Locals affected by the flood, if you look closely, there's a guy in a fishing boat. Short commute to work, eh?


Water under the, just water under the bridge...barely


Sunday, January 1, 2012

'Hey, do you smell that?' 'Yeah' 'That's more like it' 'Yeah'


Matt waits patiently on the ferry to leave Malaysia, and arrive in Thailand





On Boxing Day, the ferry into Thailand was short and sweet, barely 5 minutes.  Matt and Alyssa had only a small river to cross and before the morning was over, they both had a new stamp in their passports.  


Matt and Alyssa were stoked when they had a cycle lane for the majority of the ride in Southern Thailand

This is what the road was like, cycle lane and little traffic







 The South East of Thailand includes four provinces that comprise anywhere from 80-95% Muslims, and a low number of Buddhists.  These four provinces have also been in the headlines because of escalated violence including terrorist bombings and heinous acts of violence by police forces. More than 3500 peeple have been killed since the violence surged in 2004.   On the other hand, the area is spectacular, with streches of sandy beaches, lush, tropical forest, good roads and the legendary hospitaltiy and kindness of the Thai people.

One of the many police blockades, Alyssa and Matt were stopped but only for a friendly conversation. 
So, what were we to do?  Torn between a supposedly violent environment and possibly the best cycling of the trip, we had to make a choice: to cycle or not.  After spending hours on the internet, we decided to make the journey up the east coast on bicycle and it proved to be the most memorable part of our trip thus far.

Two Traffic Police were so curious that they stopped Alyssa and Matt not once, but twice for pictures.



The roads are in impeccable condition, and with an extablished cycle lane, we had some of the safest riding of the trip.  Our nerves got a break from the rambling and churning motors of trucks, and our lungs weren't clogged with exhaust.  Wats and temples provide a place to explore during breaks and getting to know the locals is fun and exciting.


Alyssa in front of one of the many Wats



1000km!!!!

















We rang in the New Year in Nakhon Sri Thammarat, and although very different from a Western New Year's, it was worth the experience.

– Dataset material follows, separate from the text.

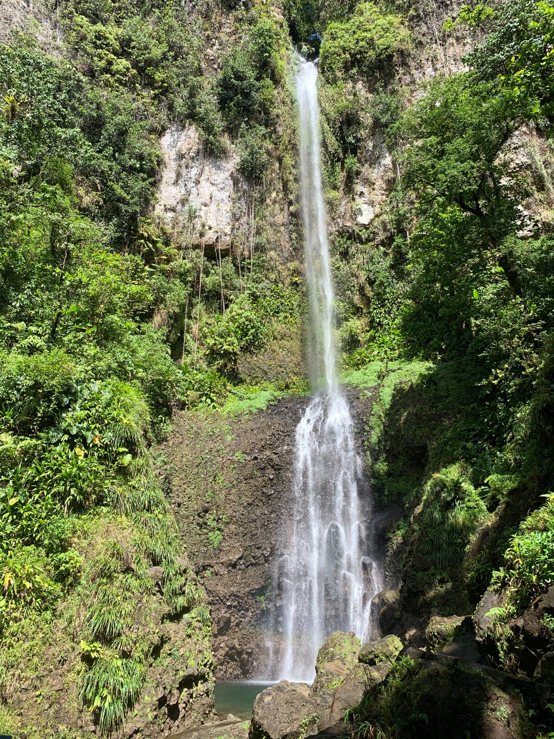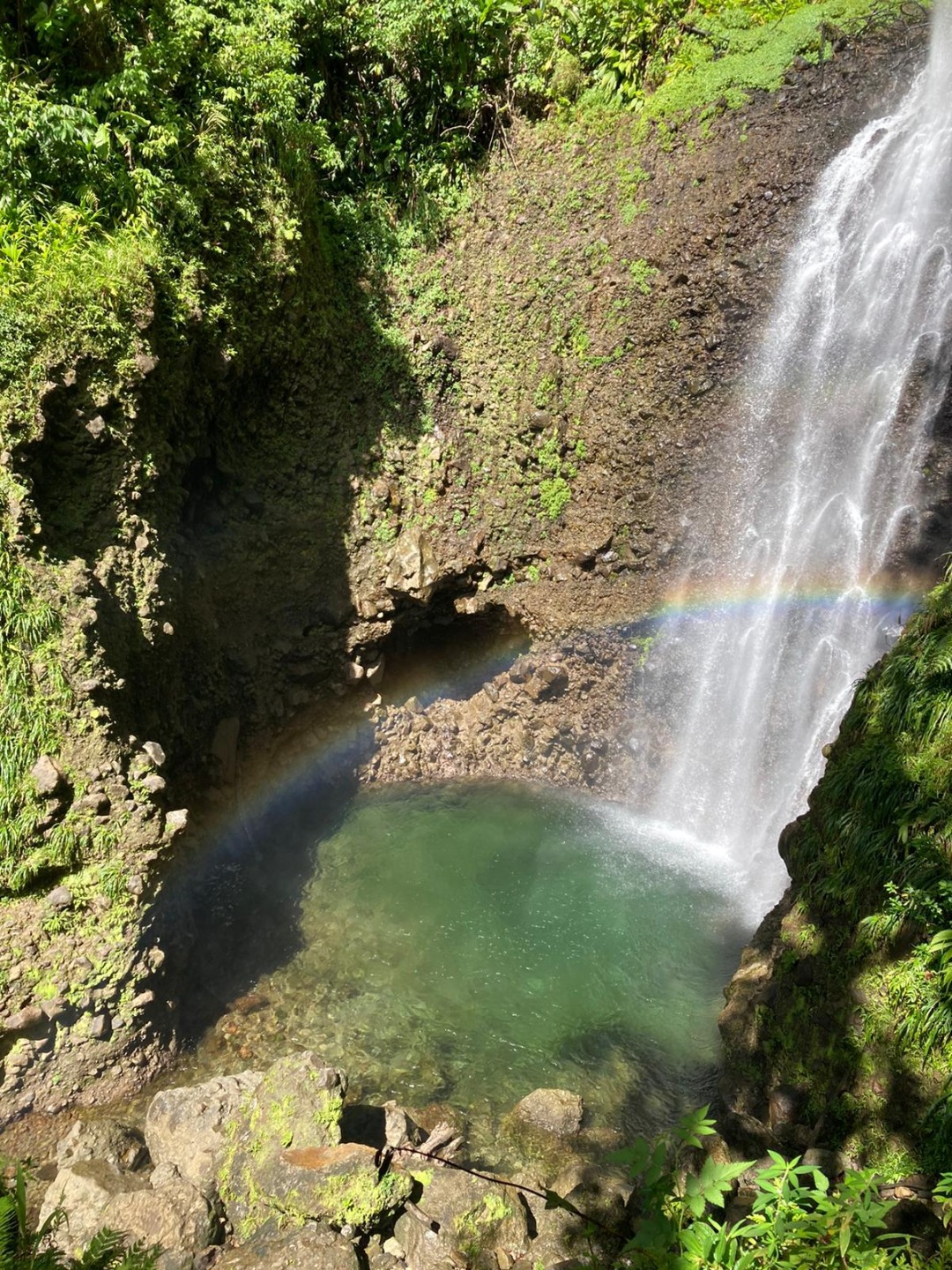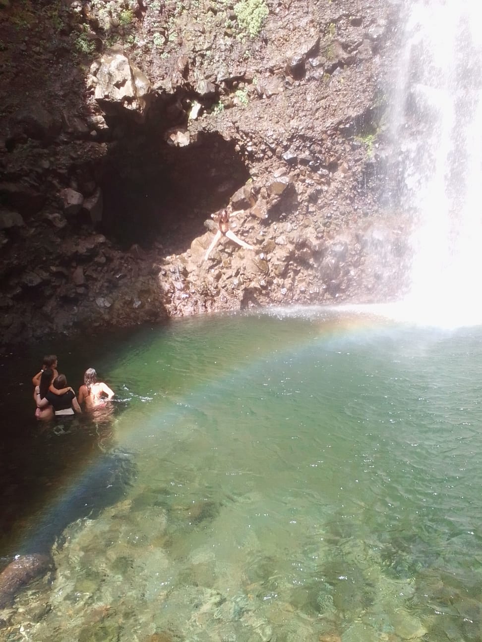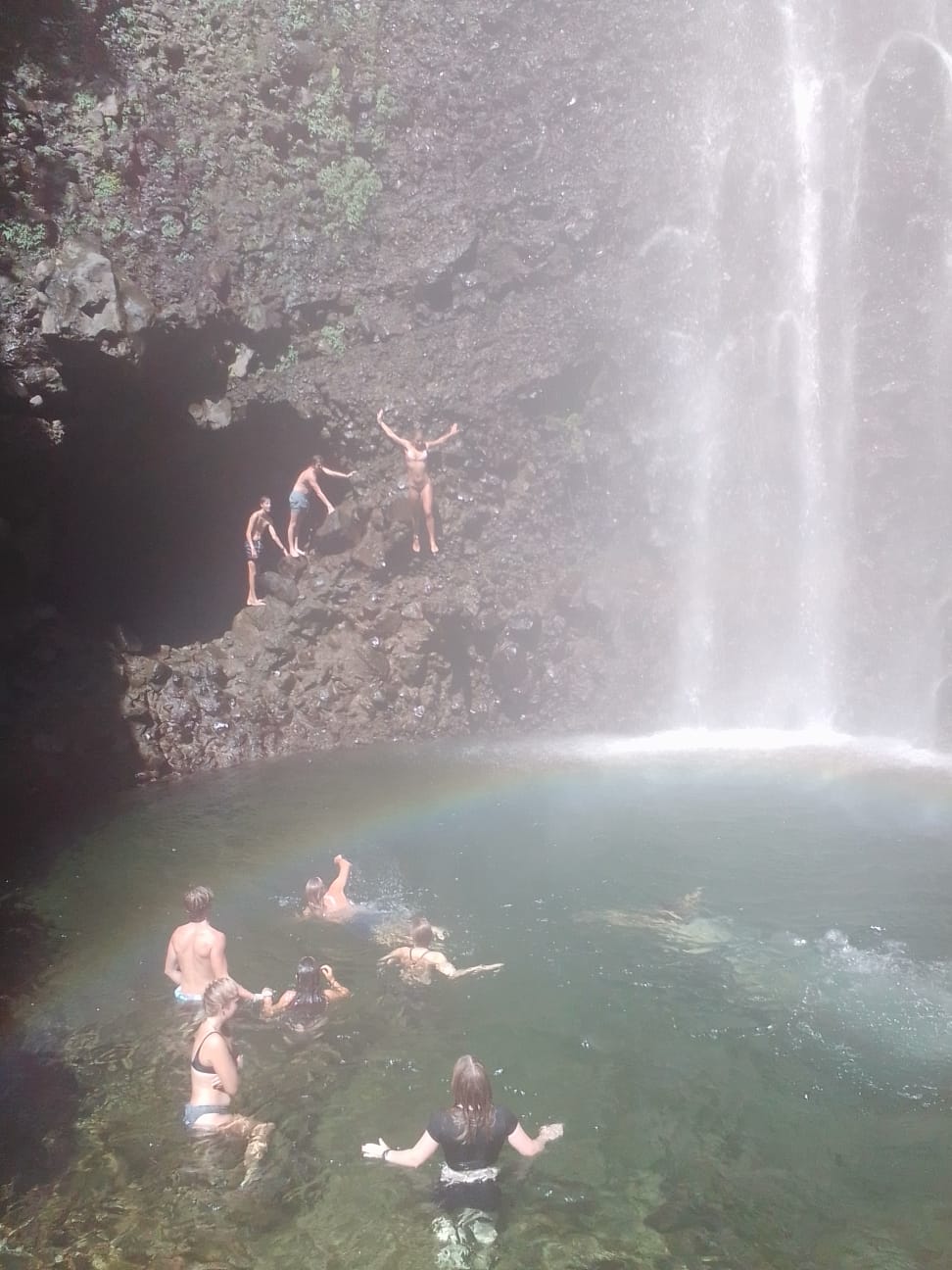 The hike ended up being not quite so long but included lots of roots, stairs, and steep slopes. That said, it was overwhelmingly beautiful. The greenery of the jungle formed a tunnel over our heads, and we walked listening to the forest (well, that and our singing game…). We emerged at a viewpoint where the trail came out overlooking a massive basin into which fell a 275ft waterfall. A perpetual rainbow arced across the pool at its base. Setting down our things and putting on bathing suits, we continued to the waterfall to swim. The pool was refreshingly cool and deep enough to jump into from a ledge in the cliff wall.

Alyssa will never forget using the toilet bus, gross. As 2012 begins, we start the year with doing what we do best, living life to the fullest.



How to Prepare for New Year's in Thailand. We woke up at 5:15am and cycled 70km, we needed the Thai Red Bull!











One of the delicious morsels at the night market: Swallow's Eggs!





New Year's Eve Stage. They are crowning 'Miss Countdown'!